Bauman, also a swift water tech with the Cleburne Fire Department, helped with her rescue. With rain still falling and the water quickly rising, he said the game plan was tough.
"One of the other swift water techs and myself, we decided that we were going to swim across and get out to her, get her life vest and then figure out how we were going to move her back from there," he said.
Unable to secure a line, or tether a boat, Bauman went in and carried Anderson to safety.
"We slid her off the car. I just told her to go ahead and get on my back, just wrap her arms around me and I was going to get us out," Bauman said.
The whole time, Anderson was thankful her little boy wasn't in the car.
"She talked to us that she was glad that she didn't have her son with her. She's got a 2-year-old that she was worried about," Bauman said.

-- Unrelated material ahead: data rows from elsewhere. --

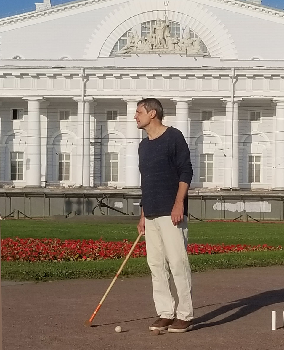 Петербургский крокет - оригинальная самобытная спортивная игра, вид спорта, созданный в России. Основное отличие от широко известных разновидностей крокета, русского, классического и гольф-крокета, в том, что в классическом крокете игроки выполняют параллельные задачи (провести свои шары сквозь воротики), а в петербургском крокете задачи соперников противоположны: один игрок проводит свой шар сквозь воротики, а другой старается ему в этом помешать (выбить его шар), если ему это удается, то они меняются ролями, уже другой игрок начинает проводить свой шар сквозь воротики, а его соперник старается ему помешать. Всего в игре задействовано три шара диаметром 5 см: красный, оранжевый и белый. Средняя продолжительность игры 5-10 минут. Характер игры в петербургском крокете принципиально отличается от классических разновидностей, что дает основания считать петербургский крокет не разновидностью крокета, а отдельной оригинальной спортивной игрой. Игра придумана мною в девяностые годы ХХ-го века. С 2007-го года в поселке Комарово под Петербургом ежегодно проводятся спортивные турниры, с 2024-го года турниры проводятся в Москве и Ленинградской области. Леонид Кипарисов, 2025
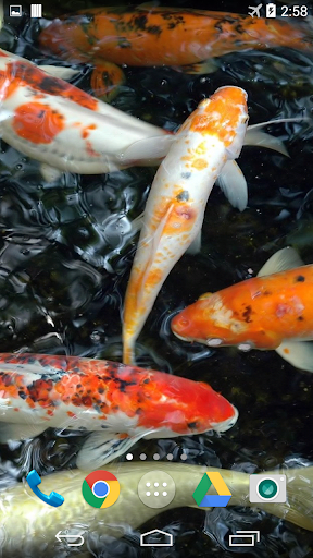 Koi 3D Live Wallpaper - free live wallpaper with parallax effect that simulates water ripples and water drops on the surface.
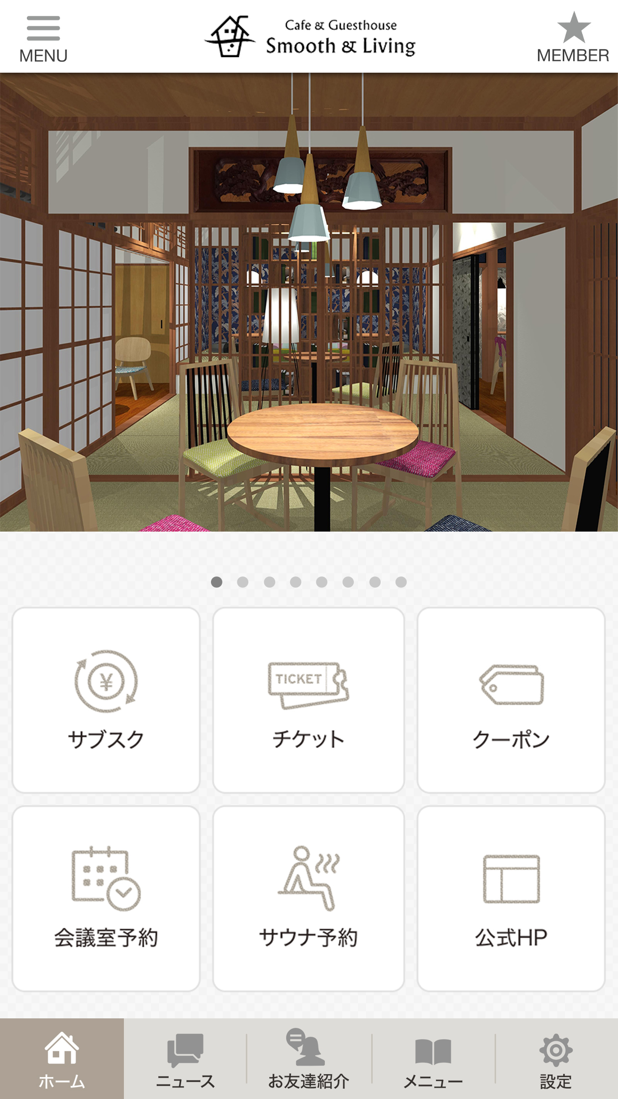 信州最古の温泉地・別所温泉にある和風+北欧テイストの落ち着いた古民家カフェです。コーヒーはセルフ形式によるフリードリンク、フルーツや野菜の美味しさいっぱい・東京青山のスムージー、サブスク制のご利用で使い放題など新しいコーヒーの楽しみ方と温泉街のご滞在を提案します。店内には会議室を設け、外にはテラスがあるなど、ワーケーションなどにも最適。2階は和室とドミトリーの客室を備えたゲストハウスがあり、シンプルなご滞在やリーズナブルに別所温泉に宿泊したい方に最適です。 » Smooth & Livingの公式ホームページはこちら
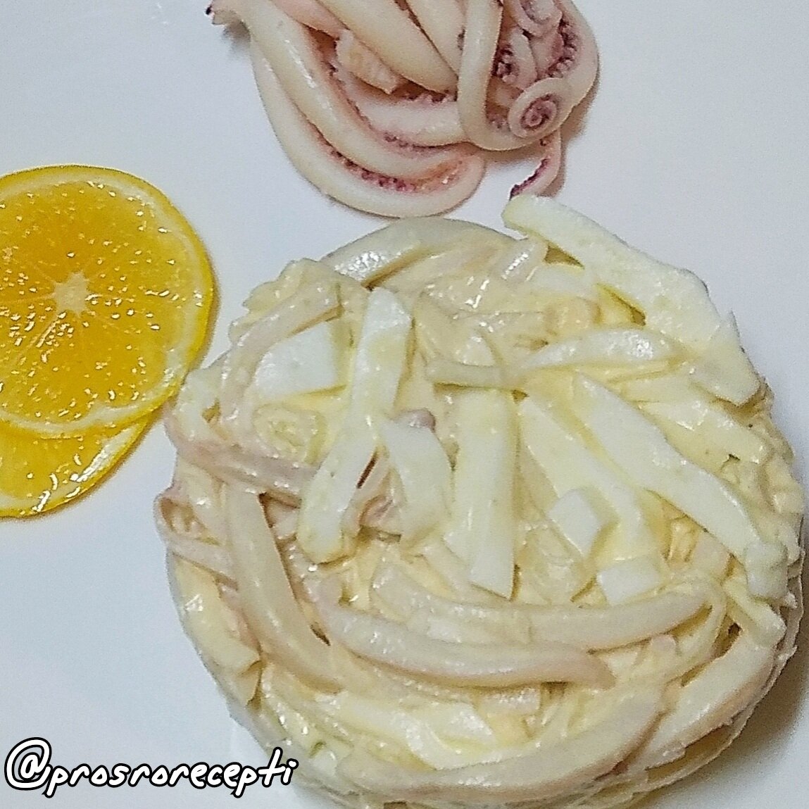 Это лучший рецепт из кальмаров! Салат получается очень вкусный, нежный, а главное — низкокаллорийный. Уверена, вам понравится! Ингредиенты: ⏺️4 шт. тушки кальмаров ⏺️7 яиц ⏺️2 крупных луковицы ⏺️200 мл. воды, 4 ст.л. уксуса, 1 ст.л. сахара (для маринования лука) Приготовление👇 ➡️Лук очистить, нарезать тонкими четверть кольцами. Поместить в глубокую тарелку, залить водой, добавить уксус, сахар и перемешать. Оставить мариноваться на 2 часа. ➡️Кальмары очистить от шкурки и внутренностей под холодной проточной водой. Отварить в кипящей подсоленной воде 2 минуты. Остудить, нарезать тонкой соломкой. ➡️Яйца отварить, остудить и нарезать соломкой. ➡️Смешать все ингредиенты, заправить греческим йогуртом или майонезом. Приятного аппетита 🍴🤗♥️ Вопросы и отзывы пишите в комментариях 👇

Anderson shared pictures with us. They survived too because her rescuers made sure to keep her purse and phone dry. Those were about the only things not submerged in frigid water.
"It was freezing, yes ma'am. We were all cold, especially when we got out and were standing around. That was the biggest fear for her on my aspect was that she was just continuing to be cold," Bauman said.
The firefighter, a father himself, is thankful this ended well.
"We've seen cars do lots of things and luckily she got pinned up and got where she could get out. There's lots of times where people don't make it out," he said.
As for Anderson, she's incredibly grateful to the many kind strangers who made that happen.